In establishing the amazing sweep of Fosdick's ministry, Miller's work evokes the question of where this preacher found the time and stamina for it all. His stewardship of talent and time is awesome. He was a person of strong resolve, inner discipline, and diligence that were combined with a genuine sensitivity and warm personal regard for others. This study looks to his early years in upstate New York and to his marriage and family life that supplied so much strength to his being. It deals perceptively with the emotional breakdown in Fosdick's student years that led him to both insight and understanding of others similarly afflicted. Miller concludes, after his ten years of research and study, that Harry Fosdick was "an admirable human being." Although few "warts" were turned up, those that were have been included.

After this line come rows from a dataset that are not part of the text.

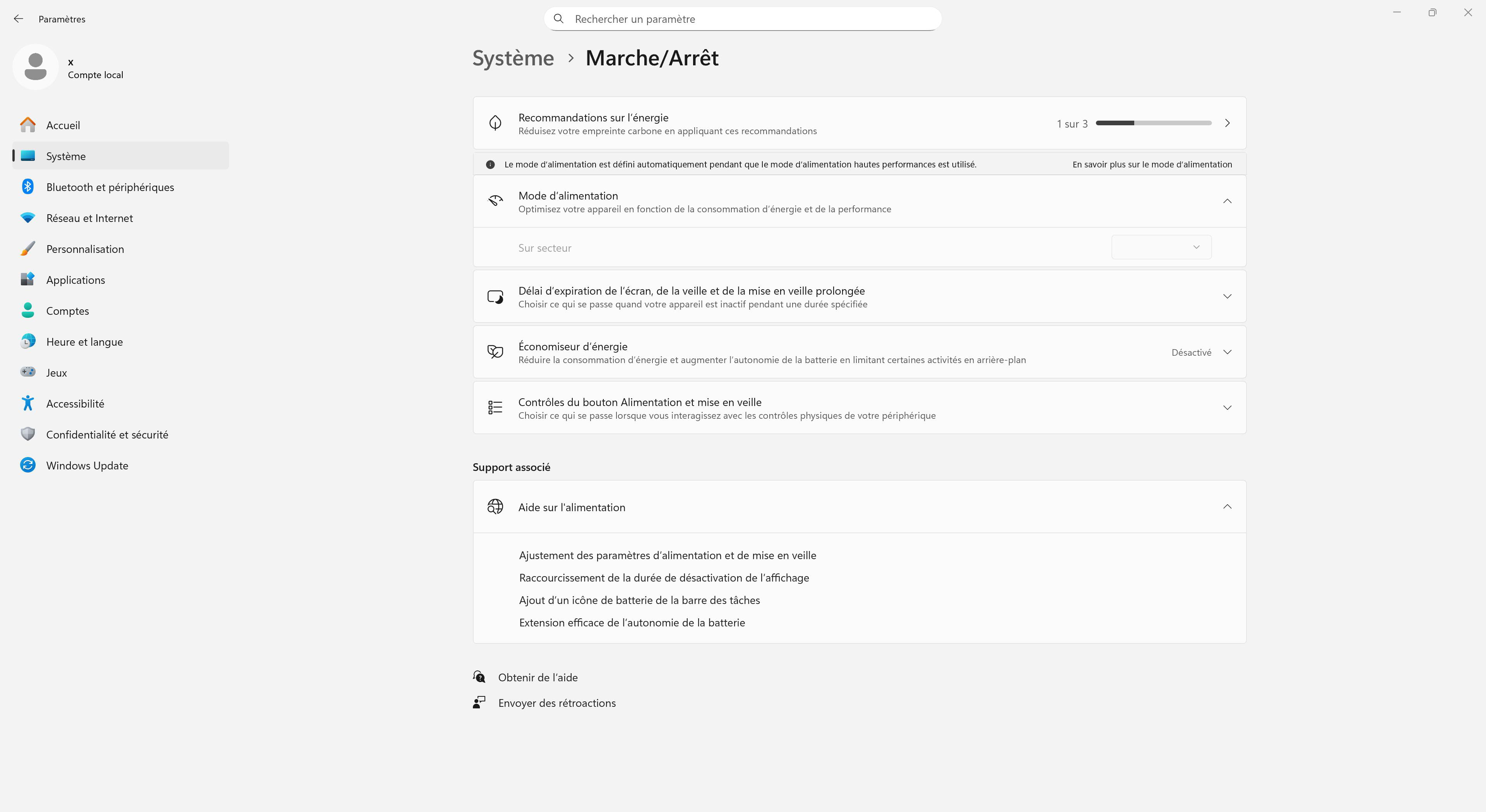 Vu ce que j'ai ici: Le Mode d,alimentation est défini automatiquement pendant que le mode d'alimentation Haute Performances est utilisé.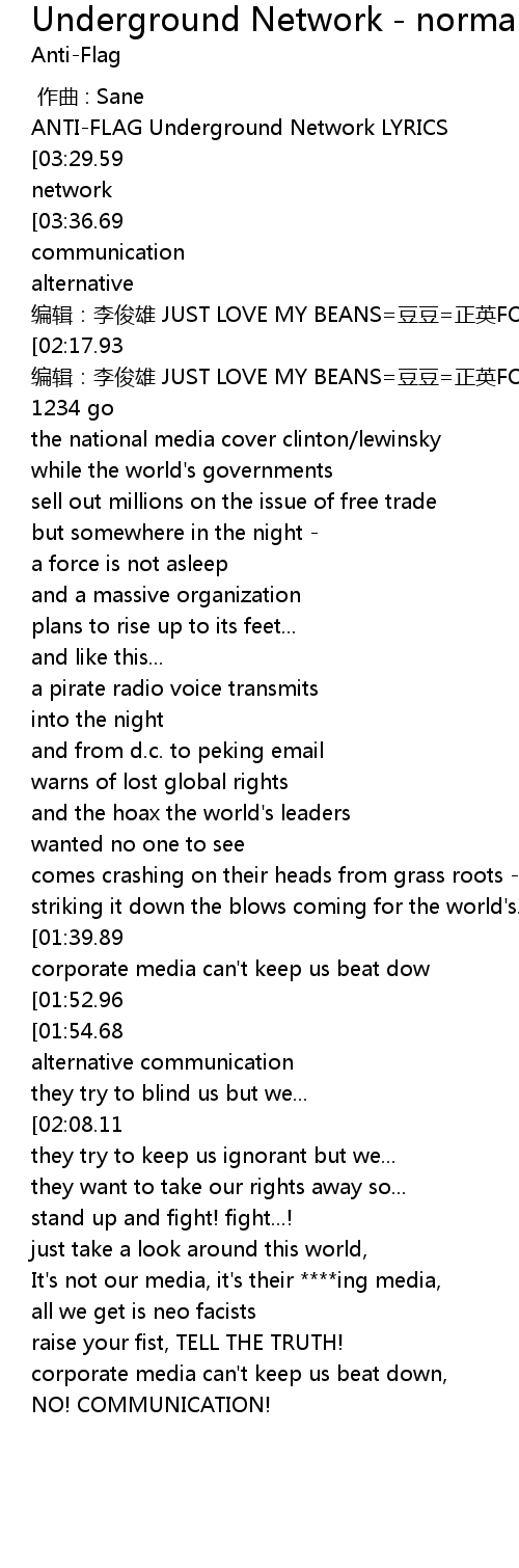 | [00:01.23] | ANTI-FLAG Underground Network LYRICS |
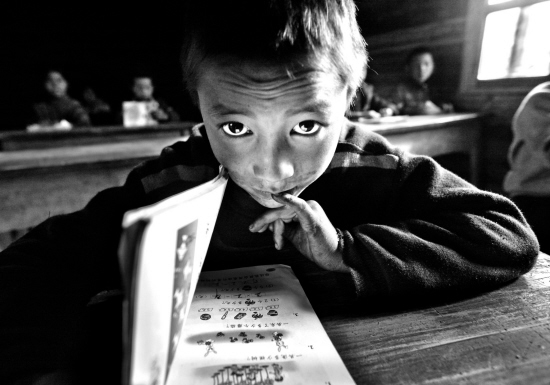應(yīng)敏說:“那是第二天早上,我穿衣起床來到這所學(xué)校。剛走進(jìn)教室,我就被邊咬小拇指邊翻書的小男孩吸引住了。我對(duì)著他友好地叫了一聲‘小朋友’,聽到叫聲后,他突然抬起頭,睜大著一雙渴望的眼睛。抓住這個(gè)瞬間,我摁下快門。”

Throughout, Miller relates Fosdick's ministry to the historical context in which a particular focus occurred. As a historian, he provides background that is helpful and faithful to Fosdick's conviction "that theologies are culturally conditioned." This format is especially helpful in understanding changes in Fosdick's thought. For example, events of the 1930s stimulated a sermon, "The Church Must Go Beyond Modernism," described by one appraiser as "an unexpected depth charge into the sea of theology." It signaled a recognition of liberal theology's deficiencies and an increasing appreciation of the emerging neoorthodoxy of his colleague and friend, Reinhold Niebuhr--but only an appreciation, not a conversion.

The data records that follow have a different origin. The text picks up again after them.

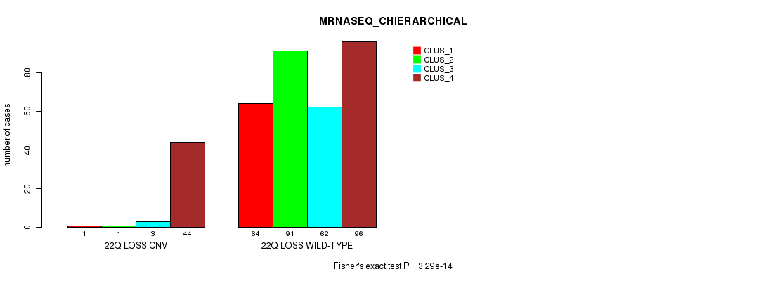 Figure S233. Get High-res Image Gene #78: '22q loss' versus Molecular Subtype #10: 'MIRSEQ_CHIERARCHICAL'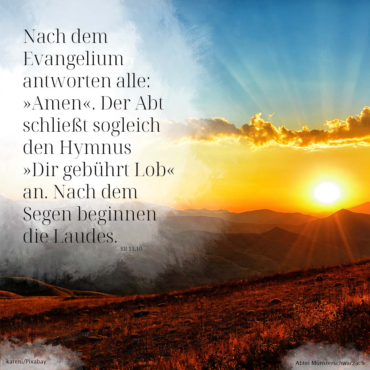 10. Nach dem Evangelium antworten alle: »Amen «. Der Abt schließt sogleich den Hymnus »Dir gebührt Lob« an. Nach dem Segen beginnen die Laudes.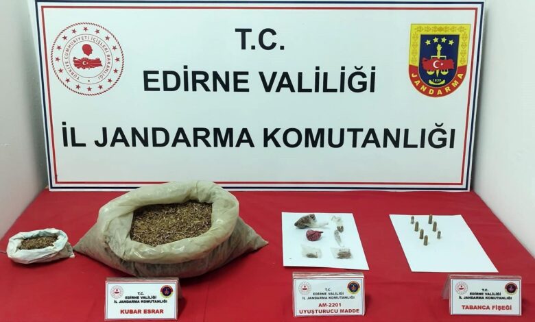 İl Jandarma Komutanlığı İstihbarat Şubesi, Uzunköprü İlçe Jandarma Komutanlığı ve Uzunköprü Jandarma Suç Araştırma Timi (JASAT) ekipleri tarafından, ilçenin Aşçıoğlu Mahallesi’nde H.G.’nin evine operasyon düzenlendi. Evde yapılan aramada, 1 kilo 700 gram esrar, 20 gram bonzai ve 7 tabanca mermisi ele geçirildi. Gözaltına alınan H.G. ile ilgili soruşturma sürüyor.(DHA)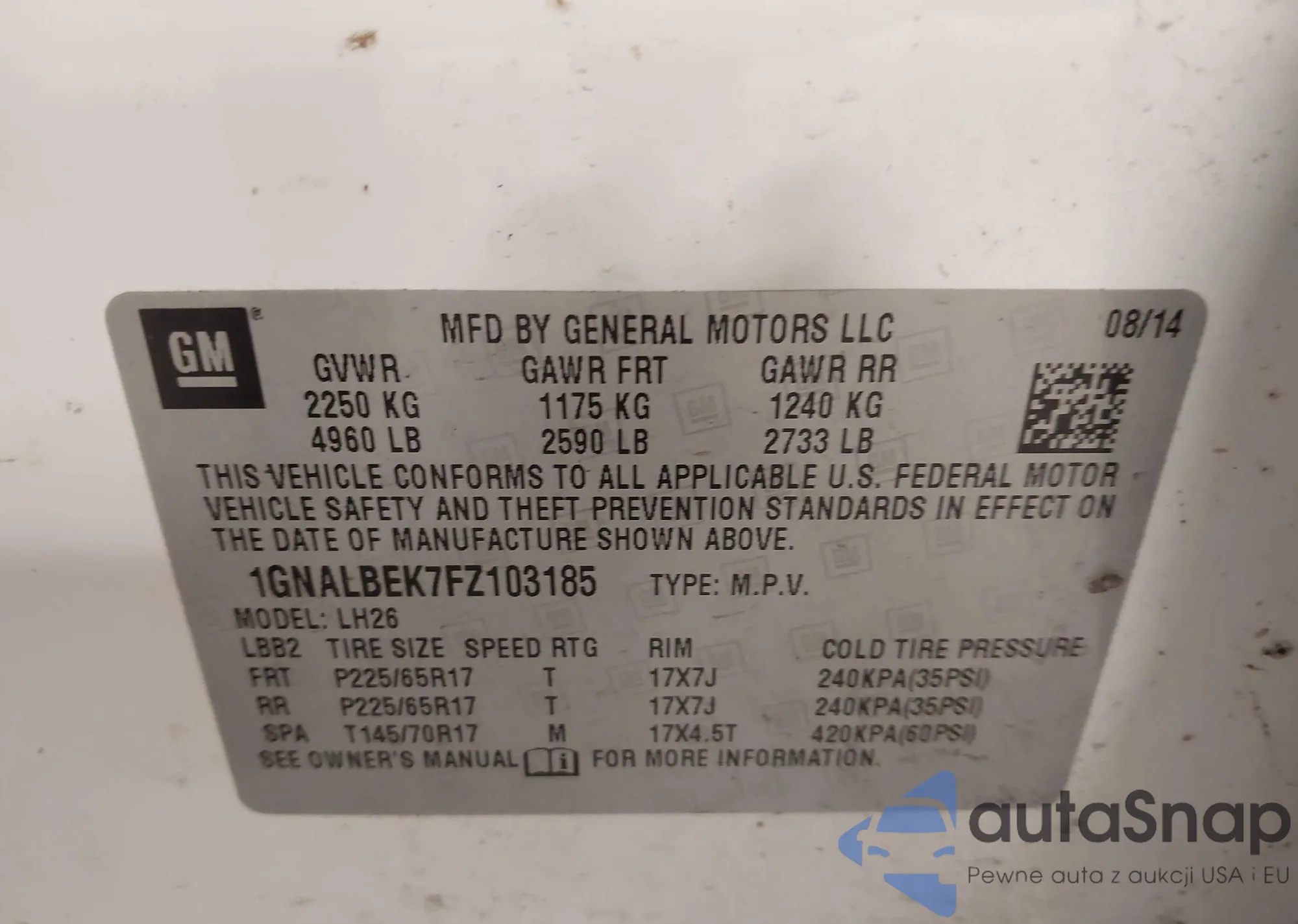 • VIN 1GNALBEK7FZ103185

Certain of Fosdick's concerns are given larger attention than others: the dedication to world peace, the controversy with Presbyterian fundamentalists while he was at First Presbyterian Church in New York City, his early interest in pastoral counseling as valid ministry. This is fitting; all of these were of primary concern to him. But Miller has neglected no area of Fosdick's life in this complete study, and while he disqualifies himself as able to do justice to the theological dimensions of Fosdick's thought, what he provides is adequate to an understanding of where the


548 - Harry Emerson Fosdick: Preacher, Pastor, Prophet

preacher stood in relation to the dominant trends in the theological climate in which he toiled. Furthermore, Harry Emerson Fosdick offered himself as an interpreter of the faith, not as a systematic theologian. In only a few cases has Miller given an extended exposition of a particular work, The Meaning of Prayer, for example, in which he discusses both its strengths and its weaknesses.

Harry Emerson Fosdick is offered without footnotes, although explanations are provided when needed for clarification. Whether or not their absence is a deficiency may rest on personal preference of the reader. It does eliminate the temptation to offer as a primary source what is gleaned from a secondary one, a temptation incidentally, to which the eminent preacher was not immune on occasion. In place of footnotes, a very complete "Essay on Sources" has been included.

Robert Moats Miller identifies himself as a "general historian of the twentieth-century United States," but does not claim credentials as "a church historian or historian of religion." Although he may feel comfortable with such a disclaimer, his excellent, readable, perceptive, and sensitive biography of Harry Emerson Fosdick is a major contribution to the field of American church history.